Usually the two graph characteristics can be deduced from the way the network data has been collected and constructed. When using data from a third party it is always advisable to double check if the assumption being made, e.g. an author collaboration matrix being undirected-weighted, is actually true. In the case of a collaboration network based on authors researchers may make the decision to give the relationship between first author (or last author PI position depending on the field) and all the other authors a direction to, for instance, signify some sort of managerial role.

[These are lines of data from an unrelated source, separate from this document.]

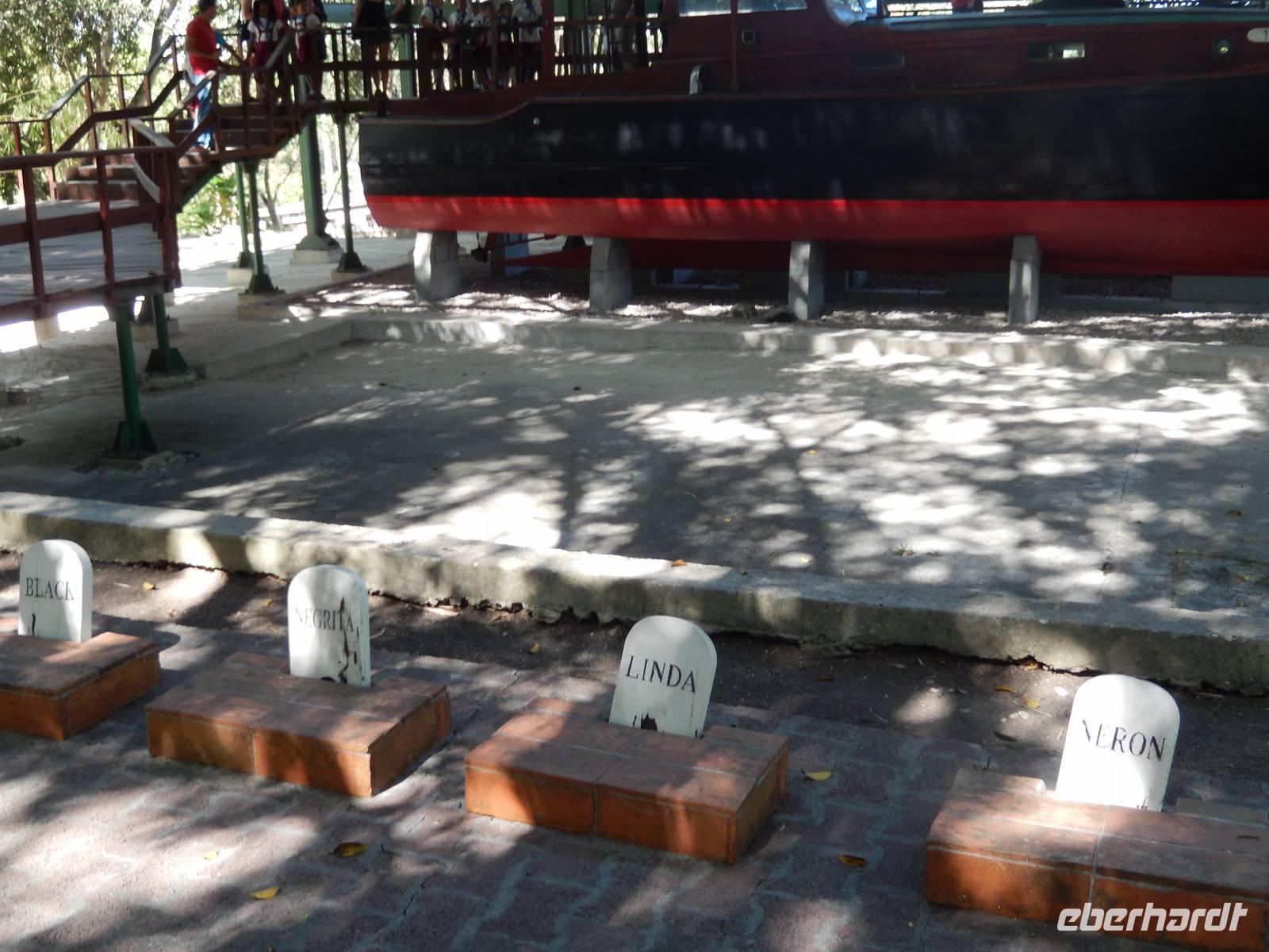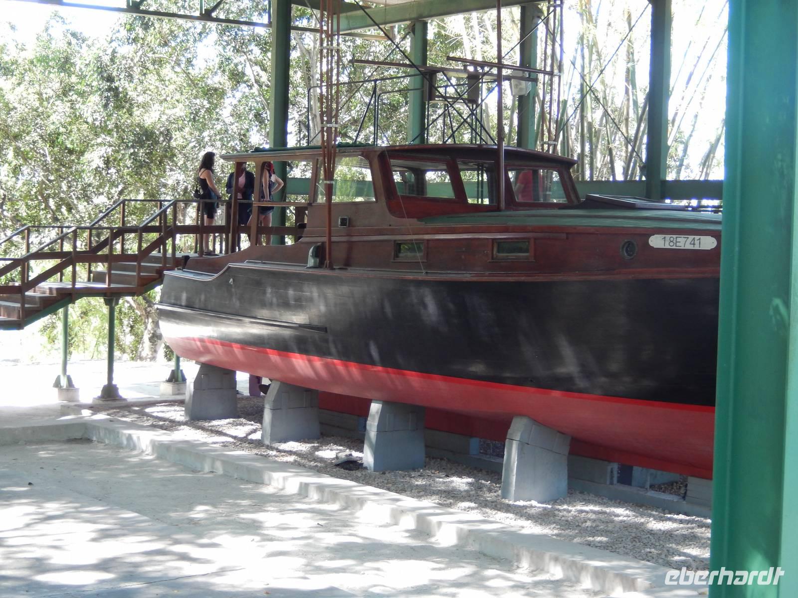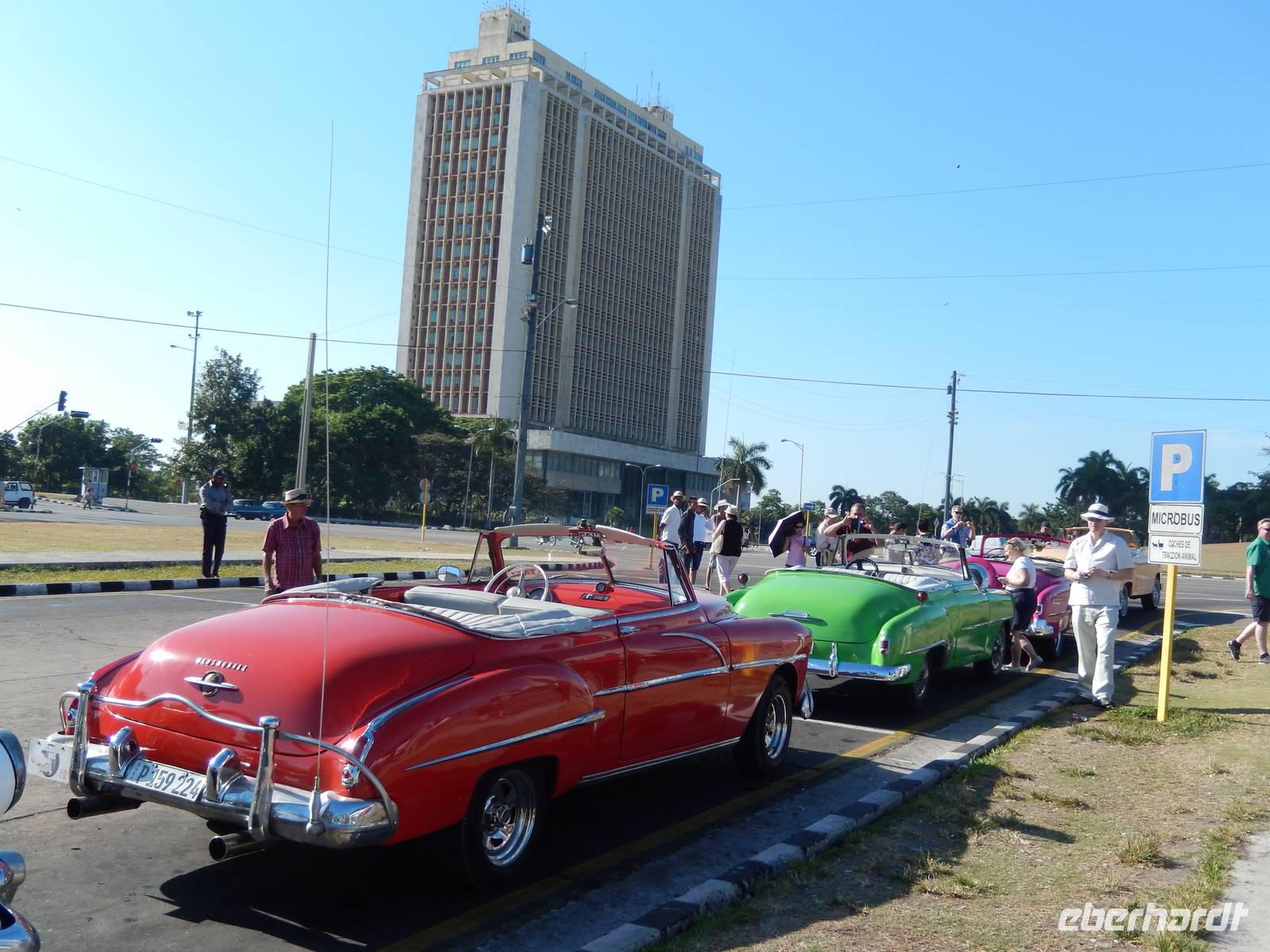 gelebt und gearbeitet hat. Im Garten befindet sich ein schöner Swimmingpool der leider leer war, die Gräber seiner vier Hunde und seine Yacht, die "El Pilar". Nach dem Rundgang gönnen sich die meisten Gäste noch einen leckeren Cocktail mit dazugehöriger Zuckerrohrstange oder einen Zuckerrohrsaft. Dann fahren wir zum Fischerdorf Cojímar, wo seinerzeit Hemingways Schiff lag. Zum Mittagessen im Restaurant "La Terraza", in dem auch Hemingway Stammgast war und welches zusammen mit der angrenzenden Bucht ihn zu dem Buch „Der alte Mann und das Meer" inspiriert hat werden wir mit einem blauen Begrüßungscocktail empfangen. Nach dem Essen zu Klängen kubanischer Musik schauen wir uns Denkmal und Festung zu Ehren Hemingways an. Nach der Rückfahrt nach Havanna steht unser Sinn nach Spannung und Abenteuer. Im Stadtcentrum besteigen wir vier coole Oldtimer und ließen uns durch Havanna und entlang der Uferstraße Malecon zum Hotel chauffieren.
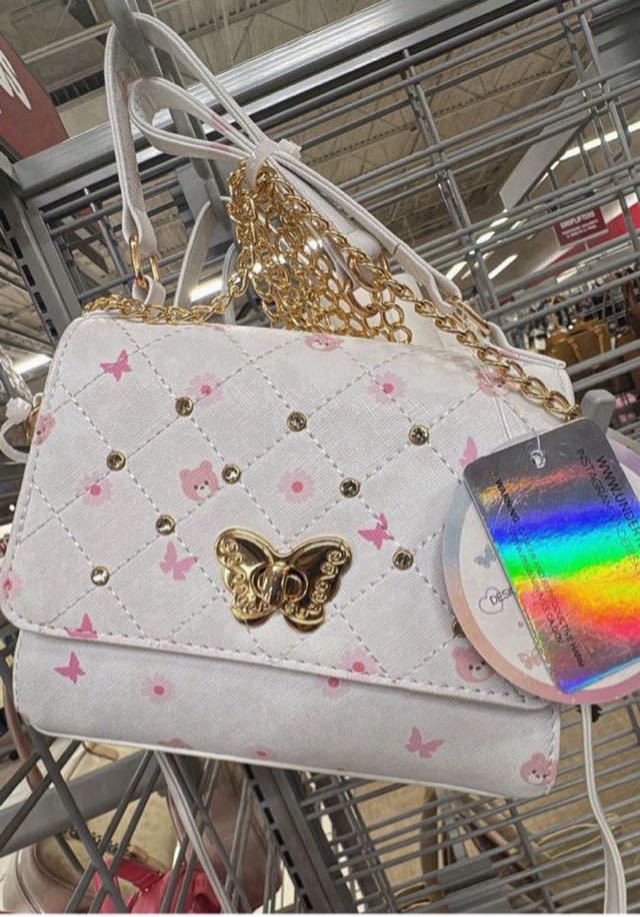 A charming white handbag featuring a butterfly design and decorative studs. It has a chain strap for easy carrying.
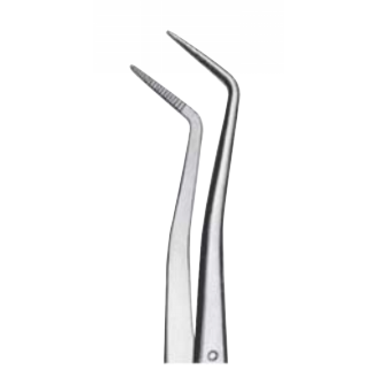 Попречная насечка на рукояти способствует надежному удержанию инструмента в перчатках при введении и выведении пинцета из полости рта.
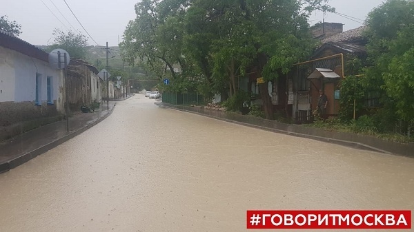 По сообщению радиостанции, селевые потоки сошли на часть города у горы Тепе-Оба, их причиной стал дождь. В результате часть дорог затопило водой с глиной и грязью.
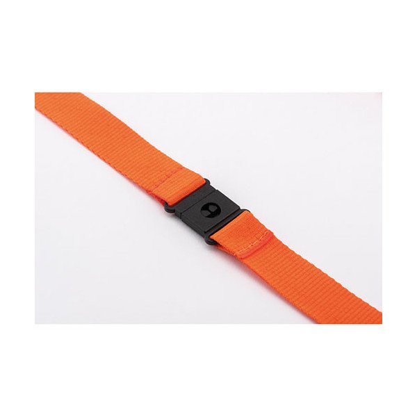 Lanyard en poliéster, con accesorio de seguridad y mosquetón metálico.Pedido mínimo: 100 udes.
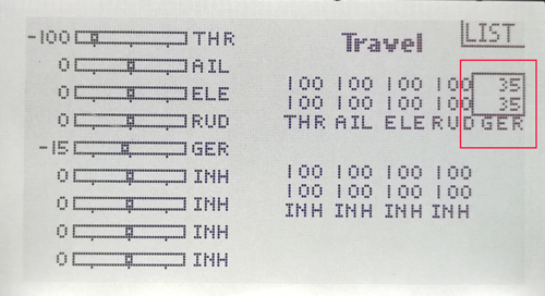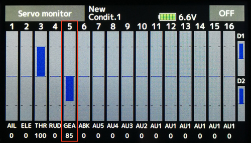 In order to achieve a 6-position switch, programmable mixing functions should be supported by your radio system. A common approach is to apply mixings on a 2-position switch (e.g. SwA) and a 3-position switch (e.g. SwB) and get 6 different position outputs on a certain channel (e.g. Gear or Flap). To make A3S3 read 6 states from the signal correctly, the pulse length of the output signal must meet the requirement of range in the following figure. In our examples, the ±85%, ±50%, ±15% of the servo travel are chosen as the set points. The result will be when SwA is in the [0] position, the output will change between -85%, -50% and -15% when you switch between the three positions of SwB, and when SwA is in the [1] position , the output will change between +15%, +50% and +85% when you switch between the three positions of SwB, as shown below.
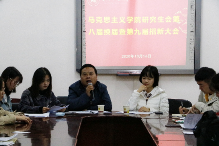 2020年10月16日下午,世界杯官方网站入口2026研究生第八届换届暨第九届纳新大会在花溪校区公司一楼会议室召开,公司研究生管理科的王贵老师、郭威老师及19级、20级全体研究生参加了纳新换届工作。

The way such networks are constructed thereby follows a) the potentiality of what weightedness and directedness can actually be achieved based on the underlying data, and b) the research question in mind and the rationale behind the construction process. Some characteristics can be checked. If weights greater 1 are present in a dataset, then it is not unweighted. If only weights of 0 or 1 exist this does NOT imply that the graph is weighted. It simply can only have relationships of 0 and 1. For all intents and purposes it CAN be treated as unweighted, though. When cell-wise subtracting the matrix representing a graph with its transposed form (rows and columns are switched, i.e. the matrix is tipped to the side, and the result for all cells is NOT 0, then the graph should be directed, assuming no mistake has been made constructing it. If all cells feature 0, then the graph CAN be undirected. Yet, in the case of directedness the graph should still be treated as directed.

Limitations

Always check, never assume

The thing with these characteristics is that sometimes developers of an algorithm implementation assume that the user knows what they are doing and take some measures to optimize. For instance, developers might choose to only use the upper or lower triangle of a matrix representing a graph as they hold the same information in an undirected graph anyway and because, assuming N number of nodes, doing \(N*\dfrac{(N-1)}{2}\) calculations is less than doing \(N*N-N\) calculations. In short: An implementation can produce results even IF the data does not follow the requirements of the method.